If you find this open source release useful, please reference in your paper:

@misc{kannan2021robodesk,
  author = {Harini Kannan and Danijar Hafner and Chelsea Finn and Dumitru Erhan},
  title = {RoboDesk: A Multi-Task Reinforcement Learning Benchmark},
  year = {2021},
  howpublished = {\url{https://github.com/google-research/robodesk}},
}

Highlights

  • Diversity: RoboDesk includes 9 diverse tasks that test for a variety of different behaviors within the same environment, making it useful for evaluating transfer, multi-task learning, and global exploration.
  • Complexity: The high-dimensional image inputs contain objects of different shapes and colors, whose initial positions are randomized to avoid naive memorization and require learning algorithms to generalize.
  • Robustness: We carefully designed and tested RoboDesk to ensure fast and stable physics simulation. This avoids objects from intersecting, getting stuck, or quickly flying away, a common problem with some existing environments.
  • Lightweight: RoboDesk comes as a self-contained Python package with few dependencies. The source code is clean and pragmatic, making it a useful blueprint for creating new MuJoCo environments.

Training Agents

Installation: pip3 install -U robodesk

The environment follows the OpenAI Gym interface:

import robodesk

env = robodesk.RoboDesk(seed=0)
obs = env.reset()
assert obs.shape == (64, 64, 3)

done = False
while not done:
  action = env.action_space.sample()
  obs, reward, done, info = env.step(action)

Tasks

Robodesk Tasks

The behaviors above were learned using the Dreamer agent.

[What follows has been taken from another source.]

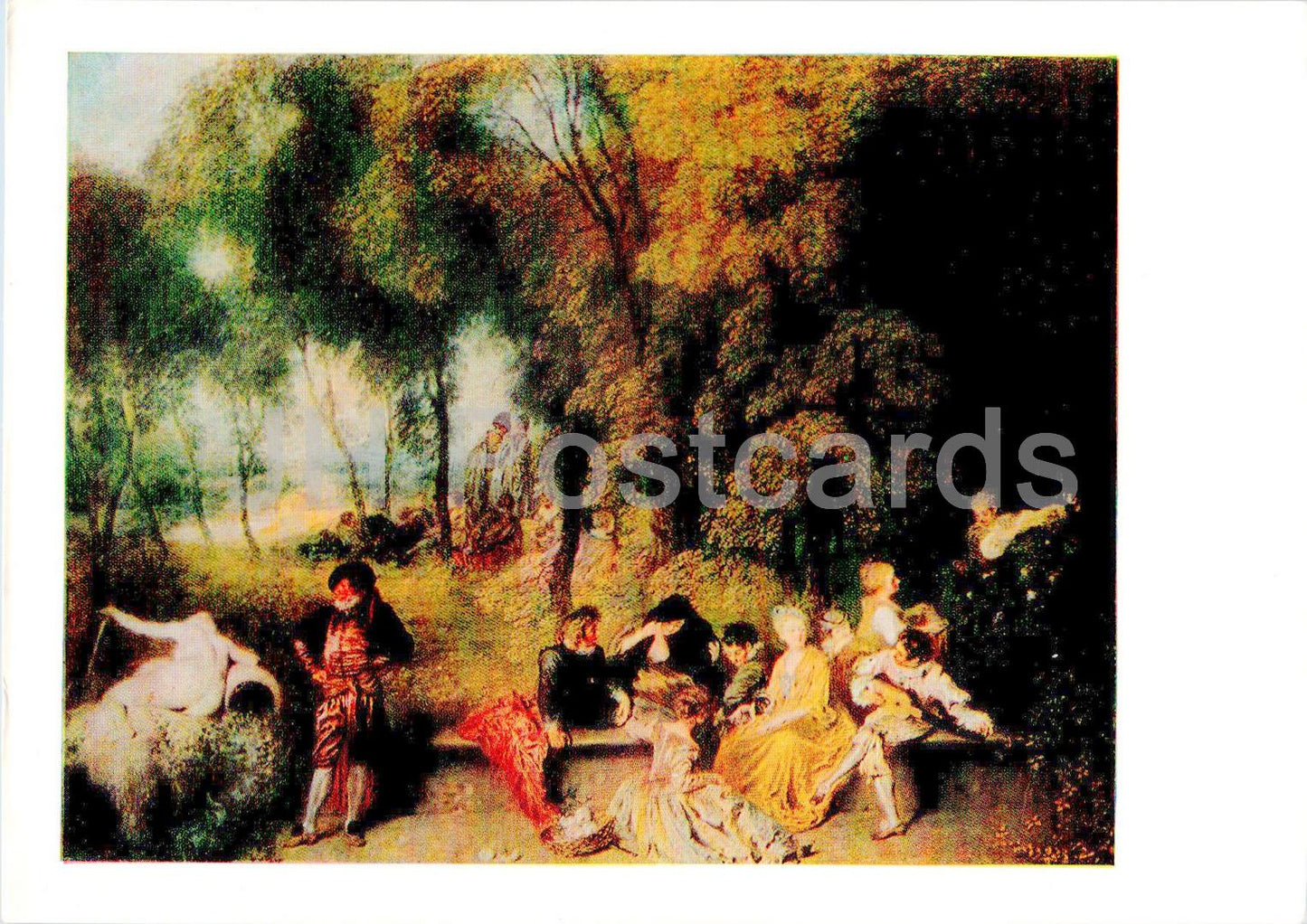 Gemälde von Antoine Watteau – Menschen im Park – Französische Kunst – 1985 – Russland UdSSR – unbenutzt

These policies have been learned from scratch and only from pixels, not proprioceptive states.

Task Description
open_slide Push the sliding door all the way to the right, navigating around the other objects.
open_drawer Pull the dark brown drawer all the way open.
push_green Push the green button to turn the green light on.
stack_blocks Stack the upright blue block on top of the flat green block.
upright_block_off_table Push the blue upright block off the table.
flat_block_in_bin Push the green flat block into the blue bin.
flat_block_in_shelf Push the green flat block into the shelf, navigating around the other blocks.
lift_upright_block Grasp the blue upright block and lift it above the table.
lift_ball Grasp the magenta ball and lift it above the table.

Environment Details

Constructor

robodesk.RoboDesk(task='open_slide', reward='dense', action_repeat=1, episode_length=500, image_size=64)
Parameter Description
task Available tasks are open_slide, open_drawer, push_green, stack, upright_block_off_table, flat_block_in_bin, flat_block_in_shelf, lift_upright_block, lift_ball.
reward Available reward types are dense, sparse, success. Success gives only the first sparse reward during the episode, useful for computing success rates during evaluation.
action_repeat Reduces the control frequency by applying each action multiple times. This is faster than using an environment wrapper because only the needed images are rendered.
episode_length Time limit for the episode, can be None.
image_size Size of the image observations in pixels, used for both height and width.

Reward

All rewards are bound between 0 and 1. There are three types of rewards available:

  • Dense rewards are based on Euclidean distances between the objects and their target positions and can include additional terms, for example to encourage the arm to reach the object. These are the easiest rewards for learning.
  • Sparse rewards are either 0 or 1 based on whether the target object is in the target area or not, according to a fixed threshold. Learning from sparse rewards is more challenging.
  • Success rewards are equivalent to the sparse rewards, except that only the first reward is given during each episode. As a result, an episode return of 0 means failure and 1 means sucess at the task. This should only be used during evaluation.

Termination

Episodes end after 500 time steps by default. There are no early terminations.

Observation Space

Each observation is a dictionary that contains the current image, as well as additional information. For the standard benchmark, only the image should be used for learning. The observation dictionary contains the following keys:

Key Space
image Box(0, 255, (64, 64, 3), np.uint8)
qpos_robot Box(-np.inf, np.inf, (9,), np.float32)
qvel_robot Box(-np.inf, np.inf, (9,), np.float32)
qpos_objects Box(-np.inf, np.inf, (26,), np.float32)
qvel_objects Box(-np.inf, np.inf, (26,), np.float32)
end_effector Box(-np.inf, np.inf, (3,), np.float32)

Action Space

RoboDesk uses end effector control with a simple bounded action space:

Box(-1, 1, (5,), np.float32)

Acknowledgements

We thank Ben Eysenbach and Debidatta Dwibedi for their helpful feedback.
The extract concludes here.